<br><br>
<span style="font-size:2em;font-weight:lighter;">194.025 Introduction to Machine Learning</span><br>
<span style="font-size:3em;font-weight:normal;line-height:70%;">Assignment 5: How to grow and care for a Tree</span>

---



Welcome to the 5th assignment of our course **Introduction to Machine Learning**. You will be able to earn up to a total of 10 points. Please read all descriptions carefully to get a full picture of what you have to do.

**Remark:** Some code cells are put to read-only. Please execute them regardless as they contain important code. You can run a jupyter cell by pressing `SHIFT + ENTER`, or by pressing the play button on top (in the row where you can find the save button).

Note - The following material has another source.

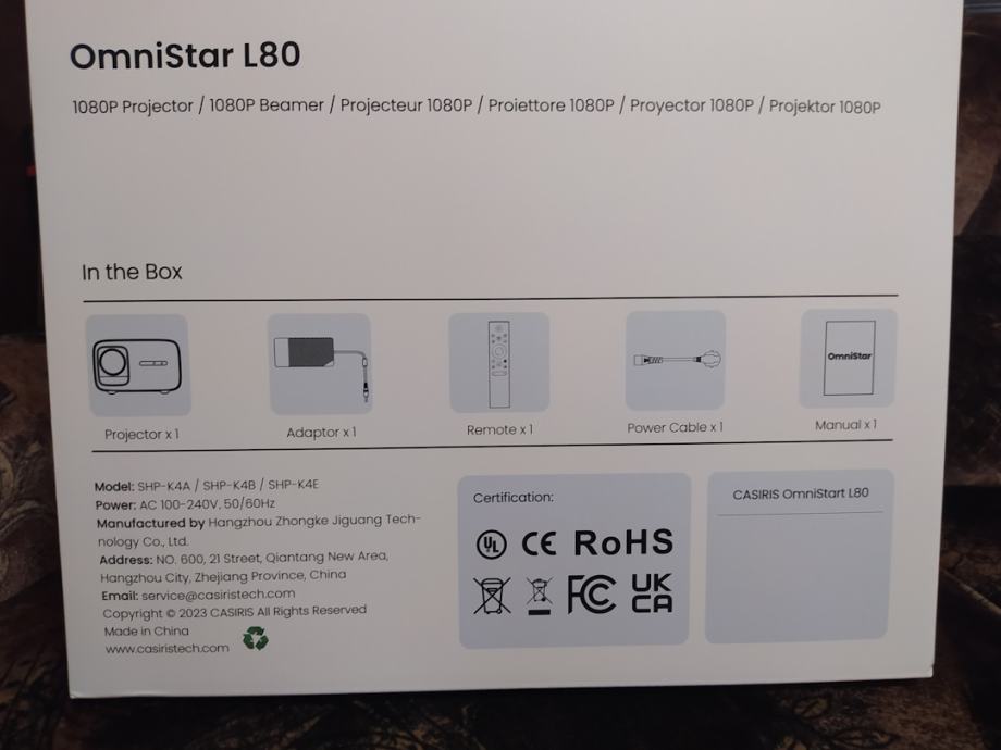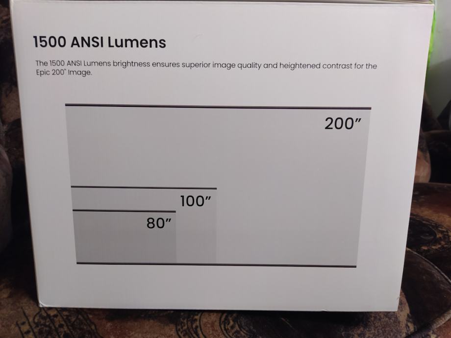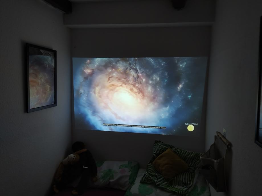 U principu novi, jedva koristeni LCD projektor. Dopusta samostalni rad, ima wifi/ethernet, ili preko USB-a i HDMI-a. Rezolucija 1080p te projekcija do 200 incha. U projektoru su ugradeni glasni zvucnici (30w), i moze ga se isto koristiti ekskluzivno samo kao zvucnik ako se to pozeli za pustati muziku preko mobitela. Dolazi sa dalijnskim, ali se na njega mogu dodati i druge periferije preko bluetooth-a. Zasticen od prasine, ima IP5X.

Cells where you have to implement code contain the comment `# YOUR CODE HERE` followed by `raise NotImplementedError`. Simply remove the `raise NotImplementedError`and insert your code.

Some other code cells start with the comment `# hidden tests ...`. Please do not change them in any way as they are used to grade the tasks after your submission.

In this assignment, you will implement important parts of a machine learning pipeline. We begin with implementing a weak baseline classifier. Then, we move on to implementing evaluation metrics that allow us to determine how good our classifier performs. Finally, we use cross-validation to investigate how our model performs on unseen data.

In [98]:
import random
import numpy as np

def set_seeds():
    random.seed(42)
    np.random.seed(42)

set_seeds()

#### Dummy Classifier (2 Points)

We will start by implementing a **dummy classifier**. This classifier is intended to completely ignore the given datapoints and just predict the most common class in the training set.
When casting `fit` on a training set `X, y` this classifier is supposed to determine the most common class _C_ in the training set. When calling `predict` this classifier will simply classify every example as class _C_. This classifier should be written such that it is compatible with the _sklearn_ ML framework, this also shows you how simple it is to add custom models to sklearn. For this, the class `DummyClassifier` inherits from `sklearn` classification classes and we only need to overwrite `fit` and `predict`.

In [99]:
from sklearn.base import BaseEstimator, ClassifierMixin


class DummyClassifier(BaseEstimator, ClassifierMixin):
    def __init__(self):
        pass

    def fit(self, X, y):
        """
        Fits the dummy classifier on the training set (X,y) i.e., extracts and stores the most common class

        Parameters
        ----------
        X : array-like (numpy.ndarray with floats or ints) of shape (n_samples, n_features)
           Meaning we have in X we have n_samples datapoints of dimension n_features and a corresponding class for each datapoint in y (e.g. y[1] is the class of datapoint X[1,:])
        y : array-like (numpy.ndarray with ints) of shape (n_samples,)
        """
        # YOUR CODE HERE

        # Mean of y is between 0 and 1, if 1 is more common, it will get rounded to 1, otherwise 0
        #n_samples = len(y)
        #common_class = np.round(np.mean(y))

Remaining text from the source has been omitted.